Sandy McAuley (2011)
Multimedia, Relationality, and InuitQaujimajatuqangit in an Online Learning Environment (2011)
All technologies, including those involving multimedia, imply embedded cultural assumptions. This is particularly important in contexts such as that of the Nunavut MEd, the first graduate program to be offered in Nunavut, as the students are Inuit and speak Inuktitut as a first language, while lead instructors for their coursework are mostly non-Inuit and speak English as their first language. Creating an online learning environment to support the Nunavut MEd therefore requires establishing coherence between the multimedia technologies used and the language and culture of the students. Drawing on a framework developed for the 2009 HITS conference, this presentation will look at the relationship between Inuit Qaujimajatuqangit—traditional Inuit values—and the online environment supporting the MEd.
Sandy McAuley worked for seventeen years with online learning environments as supports for very small isolated secondary schools in Canada’s arctic. His work with educators and students to create and investigate online bilingual knowledge-building communities for Inuit students became the basis for his doctoral research at OISE/UToronto. A portion of this work was supported by the Canadian TeleLearning National Centres of Excellence and as a member of this team Sandy contributed to the development of Knowledge Forum, a powerful collaborative hypermedia environment. Sandy joined the UPEI Faculty of Education in 2003.

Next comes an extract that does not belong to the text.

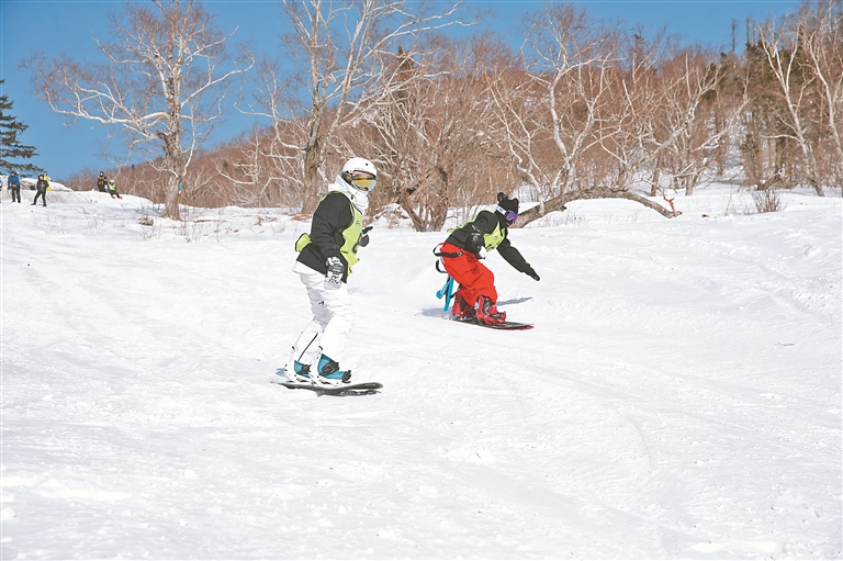 隨著一聲令下,來(lái)自哈爾濱的白華、杭州的張寒麒兩名女子單板滑雪選手一躍而起,風(fēng)馳電掣沖向終點(diǎn)?!拔曳浅O矚g雪鄉(xiāng),尤其是有粉雪的時(shí)候特別美,我希望每年能來(lái)三次,更希望能夠參加下一次野雪追逐賽?!钡诙蝸?lái)到雪鄉(xiāng)滑雪的杭州女孩張寒麒深深地被雪鄉(xiāng)吸引。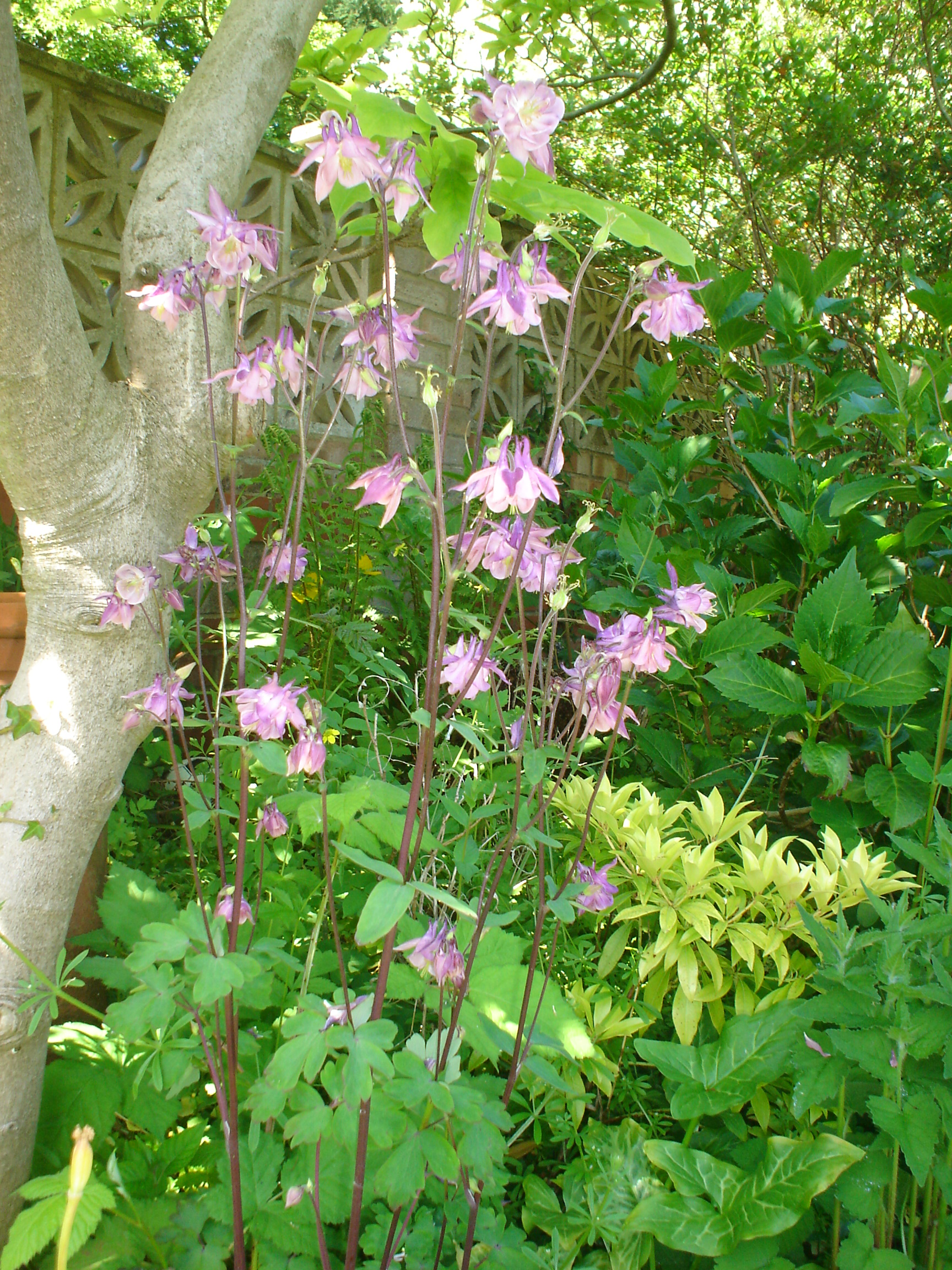The pictures above show two geraniums, some Aquilegia which have self seeded all over the garden and  a flame coloured azalea.

Sandy’s background in teaching English literature and creative drama has resulted in an interest in how digital media can use sound, graphics, and user-controllable virtual spaces to support the construction of meaning and the creation of knowledge and identity. His work in the far north has contributed to an awareness of the kinds of issues that cultural differences may bring to the use of these media to support learning.